4.6 Sierpinski polygons
In the first chapter we showed fractals built from regular polygons with two (Cantor’s dust), three (Sierpiński’s triangle) and four (Sierpiński’s carpet) sides.
It turns out that you can construct a fractal based on any regular polygon. Let \(n\) denote the number of sides of the polygon. We will construct the fractal by using transformations that either scale or shift the figure.
For the \(n\)-gon, the scaling factor is described by the formula:
\[ r_n = \frac{1}{{2 \; \left( {1 + \sum\limits_{k = 1}^{\left\lfloor {n/4} \right\rfloor } {\cos \left( {\frac{{2\pi k}}{n}} \right)} } \right)}}, \]
where \(\left\lfloor {n/4} \right\rfloor\) is the floor function of \(n/4\), which is the largest natural number not greater than \(n/4\).

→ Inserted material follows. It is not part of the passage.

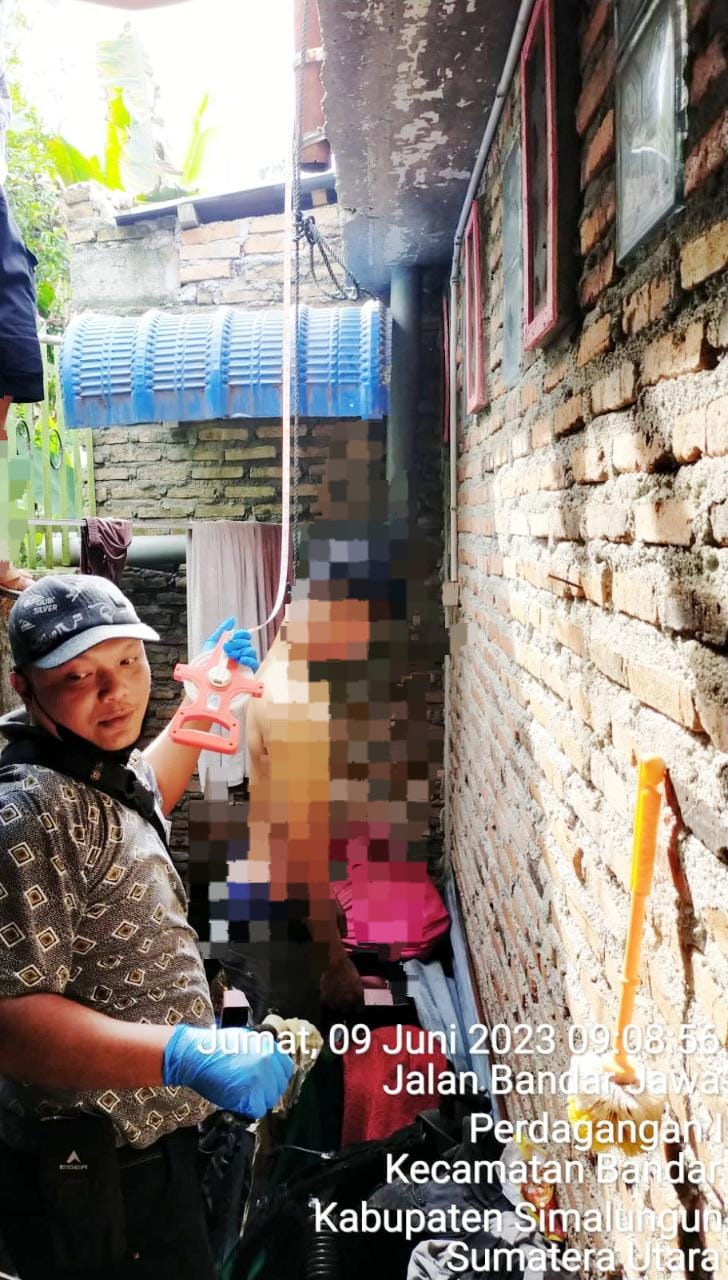 Personel Polsek Perdagangan Resor Simalungun yang dipimpin Kanit Reskrim Polsek Perdagangan IPTU Fritsel G. Sitohang, SH, gerak cepat Evakuasi penemuan mayat gantung diri di dalam Gudang Rumah, Perumahan Java Residensi Huta V Nagori Bandar Jawa Kecamatan Bandar Kabupaten Simalungun, Jumat (9/6/2023).

The scaled figures should be shifted into the sides of the regular polygon, where the shift parameters for \(k\)-th transformation can be derived from the formula:
\[ (1-r_n) \left[ {\begin{array}{*{20}{c}} { \cos \left( {\frac{{2\pi k}}{n}} \right)} \\ { \sin \left( {\frac{{2\pi k}}{n}} \right)} \\ \end{array}} \right]. \]
For example, when building a fractal based on a regular pentagon, we should use five transformations. Each scales the figure by:
\[ r_5 = \left( 2 + 2\cos\left(\frac{2\pi}{5}\right) \right)^{-1} \approx 0.381966 \]
and shifts by (for k = 1, …, 5):
\[ (1-r_5)\left[ {\begin{array}{*{20}{c}} { \cos \left( {2\pi k / 5} \right)} \\ { \sin \left( {2\pi k / 5} \right)} \\ \end{array}} \right]. \]
Examples of fractals for \(n=4; 5; 6; 8\) are located in the margin.
By experimenting with the scaling factor and with the coloring of individual points, we can get very fancy patterns. Shown in the margin is a Sierpiński pentagon with a scaling factor of 0.4 in which the colors of the points depend on the transformation used.